### Description of the task
Reproduce exactly, with no pictures, each line from the opening of the material down through the line containing "虽然GLB的车身长度只有46".

### Data provided
• • • •

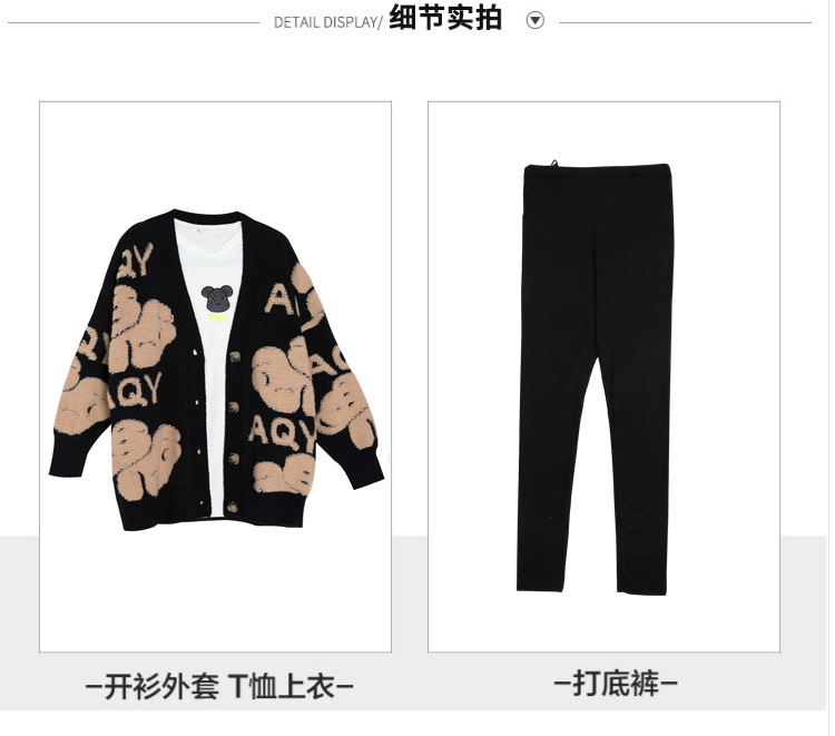 【不挑孕期 柔软舒适】保暖三件套孕妇套装时尚款外出两件套孕期产前产后长袖上衣秋冬季外套针织毛衣
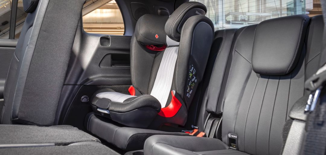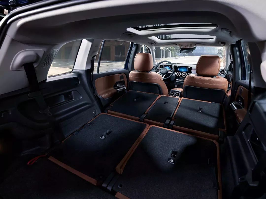 虽然GLB的车身长度只有4638mm,但是轴距却长达2829mm,这也为它布置7个座位营造了客观条件。不过,232的座椅布局以及“紧凑型SUV”的身份也注定了第三排的两个座位只能作应急使用,好在这两个“友尽位”提供了完整的ISOFIX以及Top-Tether两种儿童座椅接口。
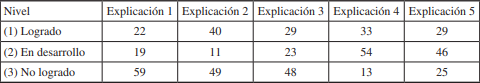 En la Tabla 4 se presentan los porcentajes de explicaciones en cada nivel de logro en las cinco situaciones como respuesta a la pregunta de investigación relacionada con la posibilidad de observar avances en las explicaciones de estudiantes acompañados por el sistema de andamios propuesto. El nivel en desarrollo presentó un constante aumento en frecuencia sobre todo en las últimas dos explicaciones y, tal como en el nivel logrado, se observó un retroceso en la explicación cinco, aunque no igualable a los niveles descendidos de las primeras explicaciones. En el nivel logrado el progreso fue evidente desde la explicación dos y se mantuvo relativamente constante desde la explicación tres en adelante. Las cifras demuestran que los y las estudiantes avanzaron, en su mayoría, desde el nivel no logrado al nivel en desarrollo durante la unidad de aprendizaje. Más adelante se describe una posible razón atribuida al descenso del porcentaje en nivel logrado de la explicación cinco.
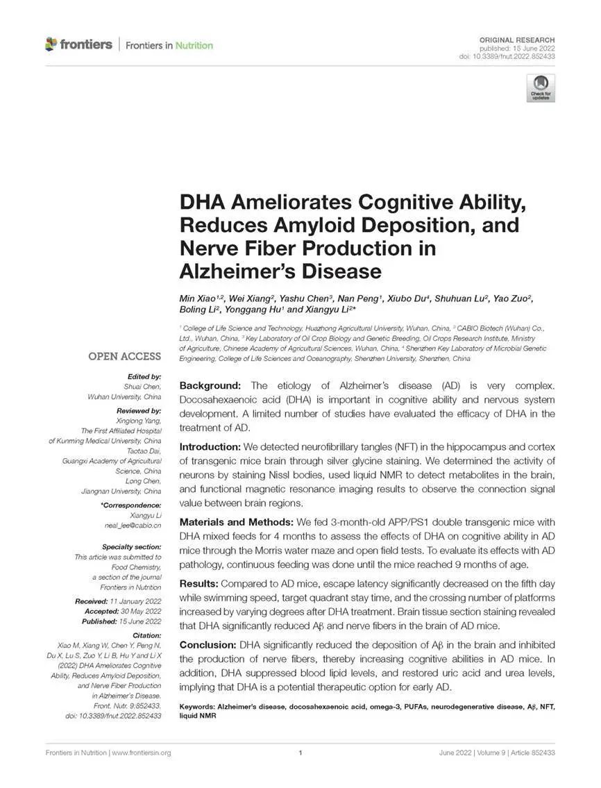 2022年6月,一篇《DHA Ameliorates Cognitive Ability,Reduces Amyloid Deposition,and Nerve Fiber Production in Alzheimer's Disease》研究論文發(fā)表在Frontiers平臺(tái)上。該研究中,實(shí)驗(yàn)人員使用APP/PS1轉(zhuǎn)基因小鼠模型,該模型在大腦中發(fā)展了與年齡相關(guān)的斑塊和纏結(jié)的積累,顯示出阿爾茨海默病的一些相關(guān)癥狀,以測試DHA有效治療阿爾茨海默病的假設(shè)。與AD對照組相比,DHA改善了小鼠的空間學(xué)習(xí)、記憶能力和焦慮。它還抑制了一些Aβ低聚物的積累和神經(jīng)原纖維纏結(jié)的形成。在小鼠模型中,DHA對實(shí)驗(yàn)小鼠肝功能、腎功能和血脂水平無明顯改善作用, 對肌醇、甘氨酸和牛磺酸的影響很??;DHA能治療改善阿爾茨海默病小鼠的認(rèn)知障礙和抑郁/焦慮行為,并且DHA通過改善血脂來緩解AD癥狀,顯著抑制AD小鼠的病理特征。結(jié)論認(rèn)為:DHA能夠改善阿爾茨海默病的認(rèn)知能力,減少淀粉樣蛋白沉積和神經(jīng)纖維的產(chǎn)生。

• • • •

### Response
 【不挑孕期 柔软舒适】保暖三件套孕妇套装时尚款外出两件套孕期产前产后长袖上衣秋冬季外套针织毛衣
 虽然GLB的车身长度只有4638mm,但是轴距却长达2829mm,这也为它布置7个座位营造了客观条件。不过,232的座椅布局以及“紧凑型SUV”的身份也注定了第三排的两个座位只能作应急使用,好在这两个“友尽位”提供了完整的ISOFIX以及Top-Tether两种儿童座椅接口。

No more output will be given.